D'Argo's huge body eased up from under the lee of an ice wall, where windblown ice shavings had collected into a mound. He was wearing a thermal pack and his Qualta was aimed right at Erkul. The tavlek's men started to turn, aiming their rifles at the white dusted Luxan.
"Hold right where you are or the Tavlek dies," D'Argo's commanding voice yelled out. Being as Luxans were known to be creatures of their word, no one moved. "I suggest you order your men to put their weapons down," D'Argo told Erkul.
Erkul turned, very slowly. He did not want to alarm D'Argo. "A Luxan! Well, I'm impressed. Still, you are outnumbered. Kill me and you're next, then your friends. I suggest that it is you who must put down his weapon."
Just as the aliens on post duty started to raise their rifles again, two well aimed pulses ripped into the ice just behind where they were standing. The melted ice hissed outward from the impact holes in stinking clouds of steam.
"Your weapons! Drop them - NOW!" Aeryn ordered. She too had been camouflaged beneath a pile of windblown ice.
Both aliens wisely tossed their weapons down to the ground.
"This is pointless," Genna explained. His voice was calm and devoid of emotion. "In less than seven days, that small collapsed star up there will reach a critical state, expelling part of its mass outward in a huge explosion. This system will be filled with lethal radiation from the new nebula. No one will be able to revisit this planet for a thousand cycles. - Your plan to return with a larger ship would never work. You couldn't get back in time. I suggest you learn to cooperate, or all of us will leave here with nothing."
"Wait a minute," John butted in. "You're telling us that the white dwarf up there is going to go nova? How could you possibly be able to predict something like that, and with that kind of accuracy? I didn't see you bring any instruments onboard Moya."

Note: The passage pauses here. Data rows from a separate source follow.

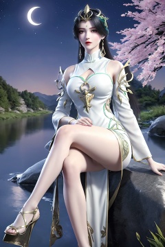sitting, (crossed_legs), dress, chinese_clothes, long_sleeves, looking_at_viewer, (scenery, waterfall, cherry_blossoms, milfeulle_sakuraba, full_moon, moon, night, moonlight, night_sky, sky, petals, water, stone),1girl, solo, black_hair, long_hair, hair_ornament, forehead_mark, facial_mark, jewelry, earrings,  (dress,  chinese_clothes, long_sleeves,  armor,  shield),  (cleavage), white_legwear, fingernails, nail_polish, makeup,(slender:1.3),photo_\(medium\),(8k, RAW photo, best_quality), (masterpiece:1.2),(realistic), (photorealistic:1.3), (ultra-detailed),(extremely_detailed_cg_8k_wallpaper),(crystal_texture_skin:1.3), (pale skin:1.4), (shiny:1.2),(shiny_skin:1.4),(extremely_delicate_and_beautiful),<lora:syqiangk_加强_重置_柳神_C9_5.2:0.8>,
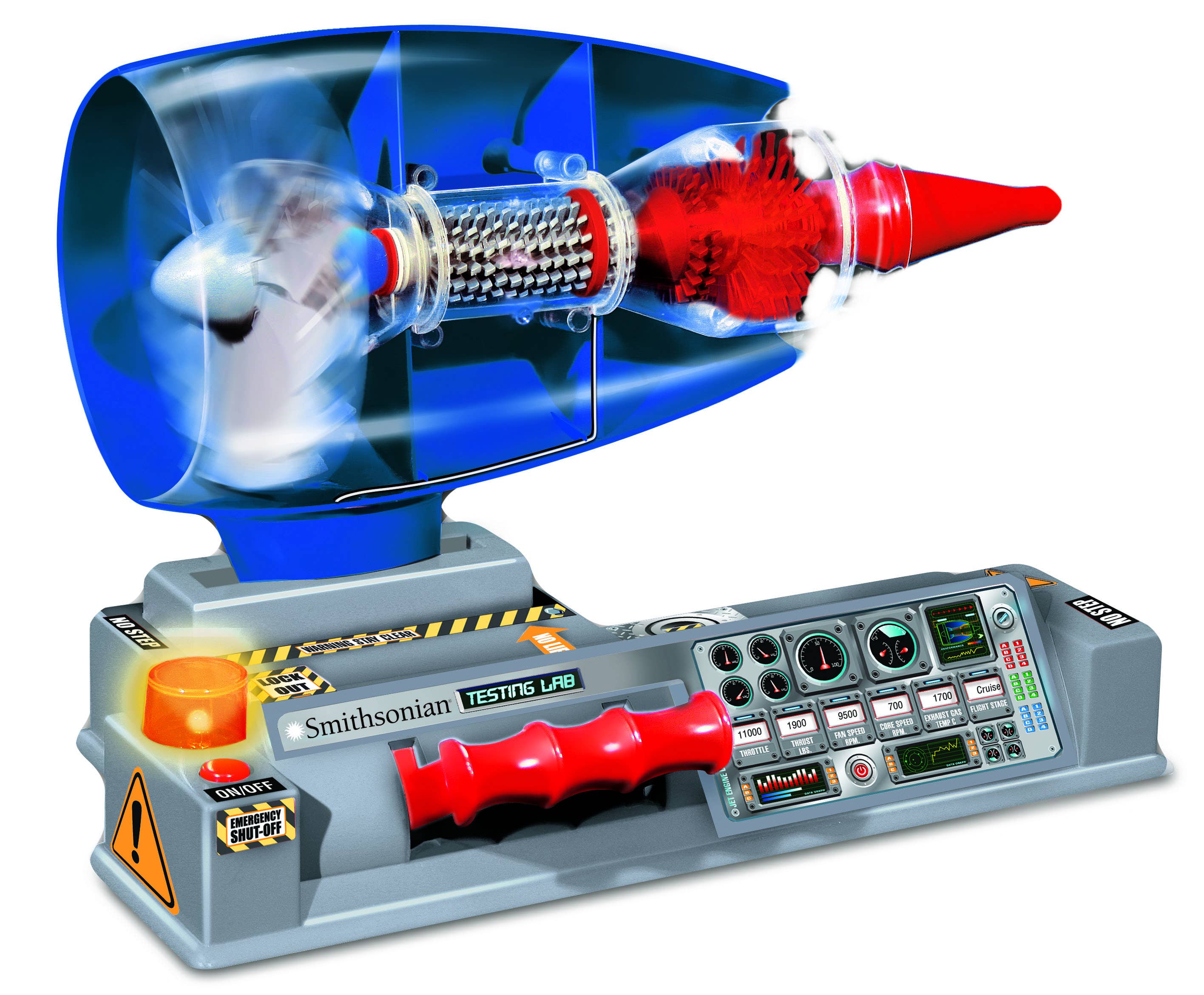 Build a working jet engine model, then wire it to a battery box and power it up. You control the thrust and turbine speed with battery-operated moving parts and lights. A color STEM poster defines basic engine terms, explains how a jet engine works, and illustrates inlet, compression, combustion, and exhaust.
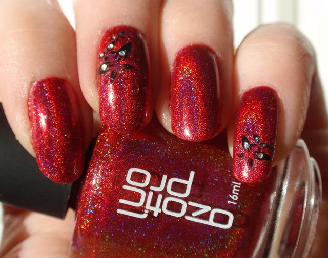 Det var det här lacket som fick mig att upptäcka piCture pOlish och startade min senaste köphysteri. Sminkan visade det för ett tag sedan och det är bara så otroligt tjusigt. Det är ett sånt där lack som får en att gå och stirra dumt på sina naglar när man är utomhus. De flesta holografiska lack jag har är så bleka, och jag är ju inte så förjust i ljusa lack, men Ozotic Pro kan faktiskt göra präktigt holografiska lack i mörka nyanser. (Jag har precis fått hem ett svart som jag inte hunnit prova än, men som ser helt groteskt snyggt ut i flaskan.) Regnbågarna i det här lacket är otroliga. Basfärgen är egentligen lite för rosatonad för min smak men jag älskar det ändå.
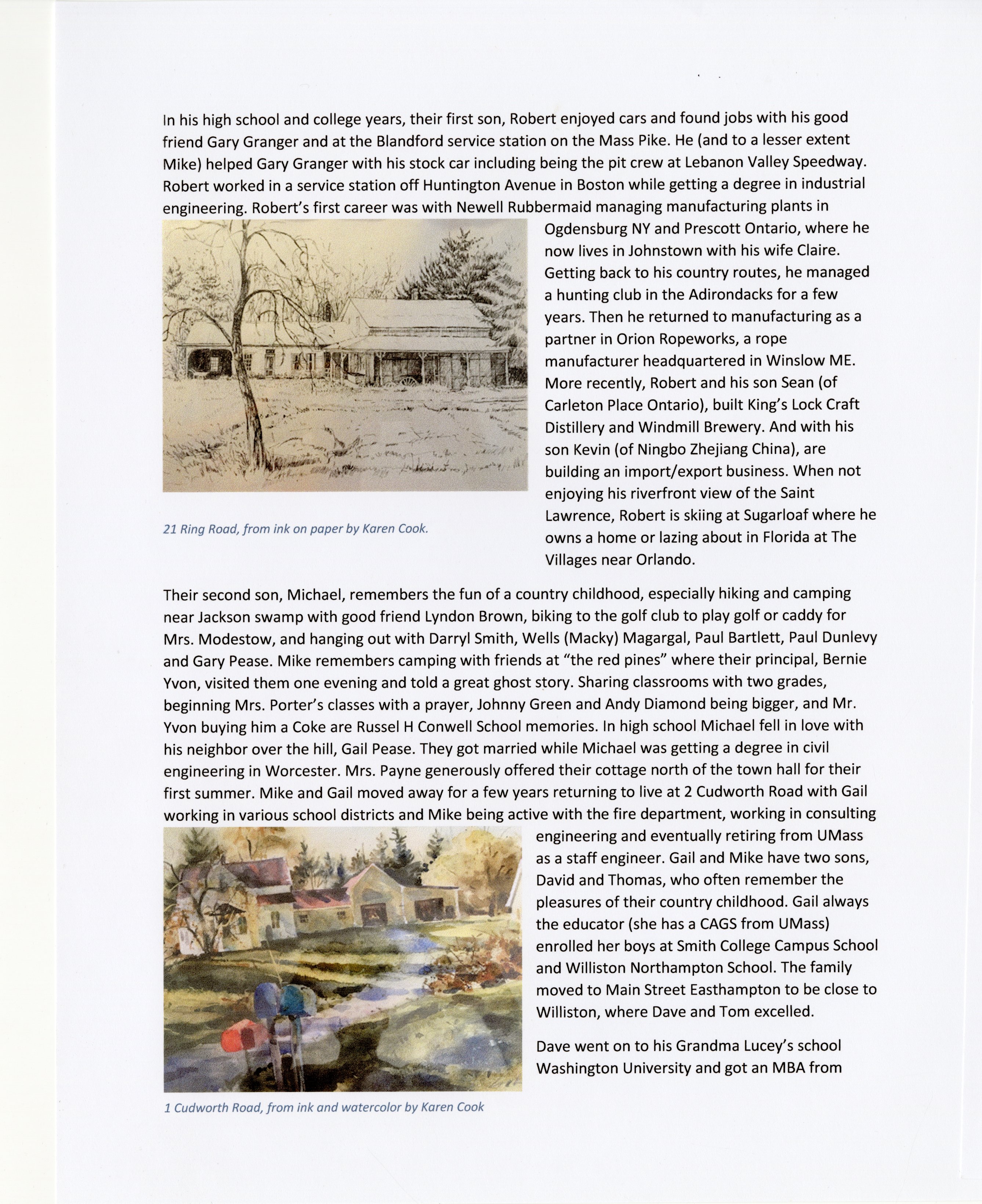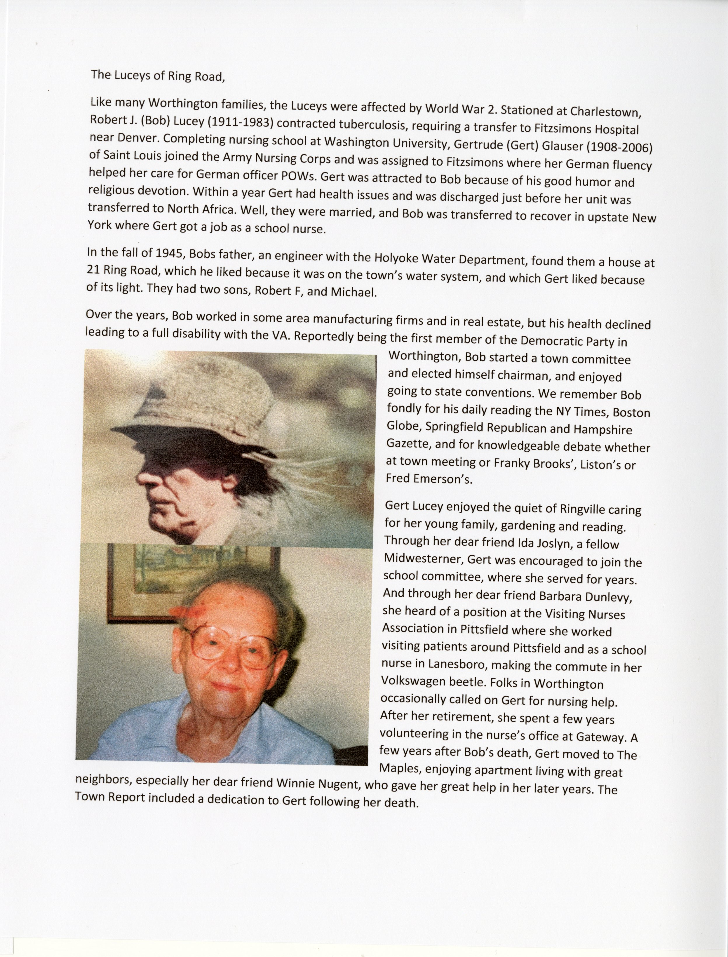 Biographical sketch of the Lucey family of Ring Road. Mentioned are Robert J. (Bob) Lucey (1911-1983). Gertrude (Gert) Lucey (1908-2006). Also mentioned are sons, Robert F. Lucey (spouse Claire) and Michael Lucey and townsfol: Ida Joslyn, Barbara Dunlevy, Winnie Nugent, Gary Granger, Lyndon Brown, Darryl Smith, Wells Magargal, Paul Bartlett, Paul Dunlevy, Gary Pease, Bernie Yvonne. Gail Pease; various grandchildren and great grandchildren are named as well.
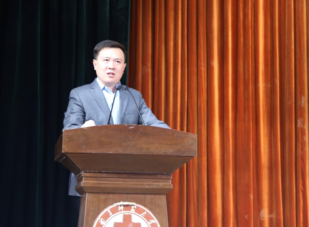 学校党委常委、副校长屈跃宽发表讲话。屈跃宽深度阐述了开展学风建设活动月的背景、意义和目标。他指出,学风对学生、学院以及一门学科的发展至关重要,学风是一所大学的精神气质,是大学精神的一种集中体现,是在长期的办学过程中凝炼出来的,是一个班级、一个集体、一个学院精神层面的总体表现。同时,屈跃宽对学院师生在学习精神、学习态度和学习方法等方面提出要求,他指出,当代大学生要充分认清自我,真正从“要我学”转变为“我要学”,立大志、明大德、成大才。学生党员、学生干部要深刻认识到在学风建设中的重要引领作用,深刻学习领悟党的十九届六中全会精神,切实争当学习工作的模范与榜样;辅导员老师要严格要求,加强班级建设,抓班风促学风,为学院思想政治教育与学风融为一体而共同努力。
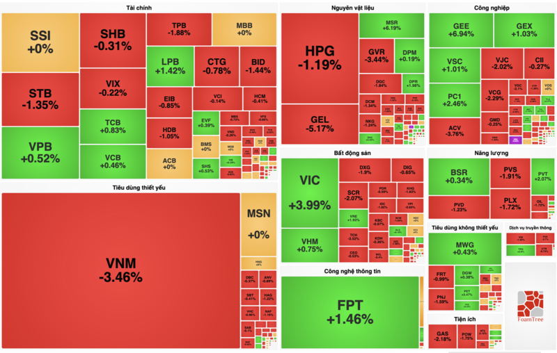 Tổng thể, dù số mã giảm nhỉnh hơn số mã tăng, VN-Index vẫn duy trì được mức tăng nhờ lực đỡ từ một vài cổ phiếu đầu tàu, đặc biệt là VIC. Diễn biến này cho thấy chỉ số đang phụ thuộc khá nhiều vào các trụ lớn, trong khi phần còn lại của thị trường vẫn trong trạng thái thăm dò và phân hóa.
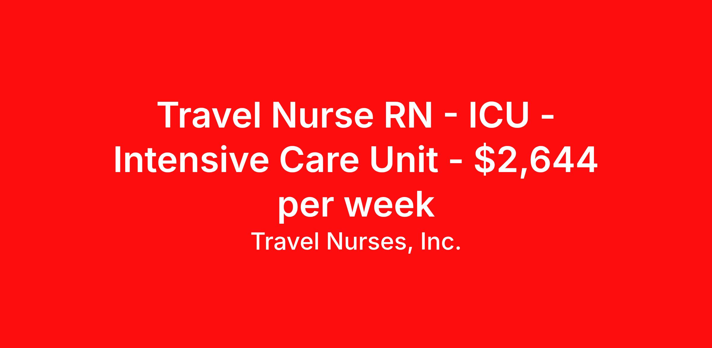 Travel Nurses, Inc. is seeking a travel nurse RN ICU - Intensive Care Unit for a travel nursing job in Boston, Massachusetts. Job Description & Requirements Specialty: ICU - Intensive Care Unit Discipline: RN Start Date: ASAP Duration: 13 weeks 36 hours per week Shift: 12 hours Employment Type: Travel Travel Nurses, Inc. Job ID 282368. Pay package is based on 12 hour shifts and 36 hours per week (subject to confirmation) with tax-free stipend amount to be determined. Posted job title: Registered Nurse About Travel Nurses, Inc. Travel Nurses, Inc. is a leading healthcare staffing agency that provides healthcare professionals with opportunities to work across the country. Founded by nurses in 1988, TNI has more than 30 years of experience in the industry. The agency initially focused on staffing operating room settings in the MidSouth. However, this quickly evolved to encompass all nursing specialties and allied health fields nationwide. At the heart of our mission is a profound respect for nurses, whom we consider the cornerstone of healthcare. This acknowledgment extends beyond the nursing profession alone. Travel Nurses, Inc. now proudly embraces a wide array of healthcare professionals, recognizing their crucial roles in our collective mission. Travel Nurses, Inc. is dedicated to providing comprehensive support and opportunities that will help facilitate complete career mobility in the healthcare field. Our commitment to transparency ensures that all professionals, not just nurses, can confidently accept any assignment without financial uncertainties. We prioritize our professionals’ well-being with comprehensive benefits packages, including day-one healthcare coverage, competitive salaries, bonuses and incentives. This underscores our unwavering commitment to offering the best possible rewards and support for all the professionals we serve. Benefits Weekly pay Continuing Education 401k retirement plan Wellness and fitness programs Mileage reimbursement Referral bonus Employee assistance programs Medical benefits Dental benefits Vision benefits Benefits start day 1 License and certification reimbursement Life insurance Retention bonus
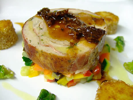 Bistec de ternera envuelto en jamón crudo con verduras salteadas y salsa de morillas
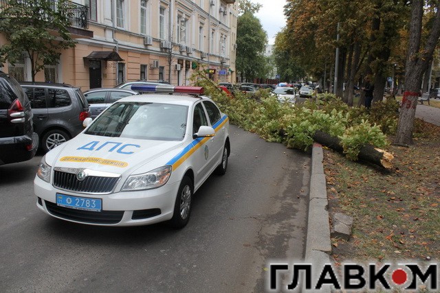 В центре Киева перекрыли движение: на автомобиль упало дерево (ФОТО)
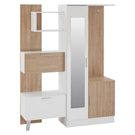 Έπιπλο εισόδου με λιτό σχεδιασμό, κατασκευασμένο από ανθεκτική μελαμίνη υψηλής ποιότητας, σε όμορφη διχρωμία από sonama και λευκή απόχρωση. Αποτελείται από ένα ντουλάπι παπουτσοθήκη, ένα μικρό συρτάρι και τέσσερα μεταλλικά άγκιστρα για κρέμαση ρούχων. Επίσης διαθέτει ένα μεγάλο καθρέπτη και ένα...
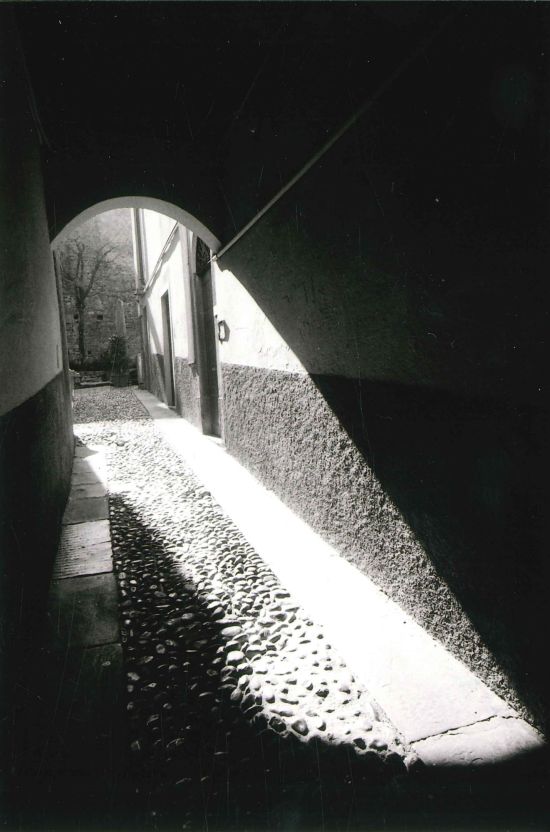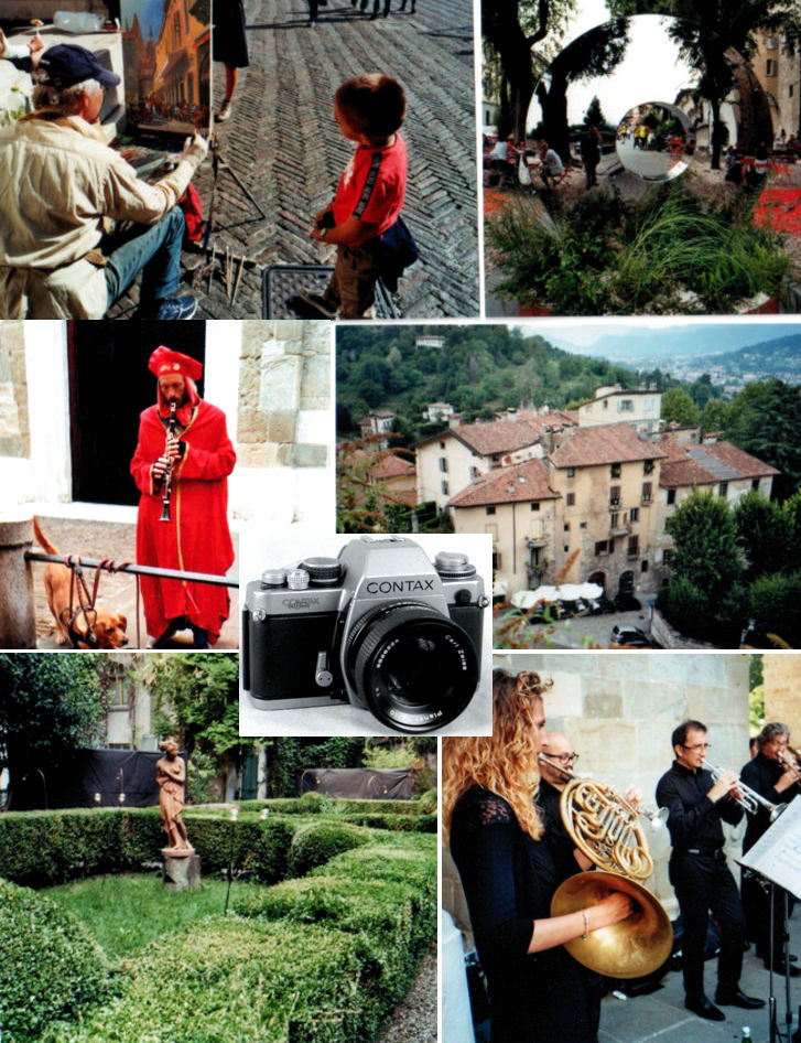 La proposta per una uscita di studio con allievi era l’utilizzo di una gloriosa macchina fotografica e ottenere immagini particolari della nostra splendida alta città. La scelta è caduta sulla Contax S2 della speciale edizione per il 60° anniversario; macchina meccanica con esposimetro incorporato a lettura nel mirino spot. Non comuni i personaggi incontrati nel percorso né il paesaggio ripreso dallo spalto del chiostro di San Francesco, nel quale è attivo da novembre il museo permanente di foto e attrezzature fotografiche analogiche.

"How I know this is not important. I just do, John Crichton. We Ayetuh are known for such talents. The dwarf sun will do nothing for now. We are safe. But since time is pressing, I suggest that we all get to work. I will return with Erkul to his ship. Vendrana will go back with you to Moya. The crew that first finds the wreck will signal the location to the other ship."
Erkul waved at his crewmen. They warily picked their weapons up under Aeryn and D'Argo's eyes, and then slowly retreated back to their ship.
John started back for the transport pod, but the Tavlek grabbed his arm.
"No one get's the best of me, Crichton. You've done well for yourself, for now. But you just remember that. - Also, a word of advice about these Ayetuh. They're not like you and me. At least with us, we are honest about what we are. Them - don't let them into your head. You can't trust people like that."
"Somehow, Erkul, I don't think you're the one to be giving advice on trust." Crichton yanked his arm free and headed back for the transport pod.
Above them, the red sun dawned past the moon, blushing the landscape with a spreading blood-red stain.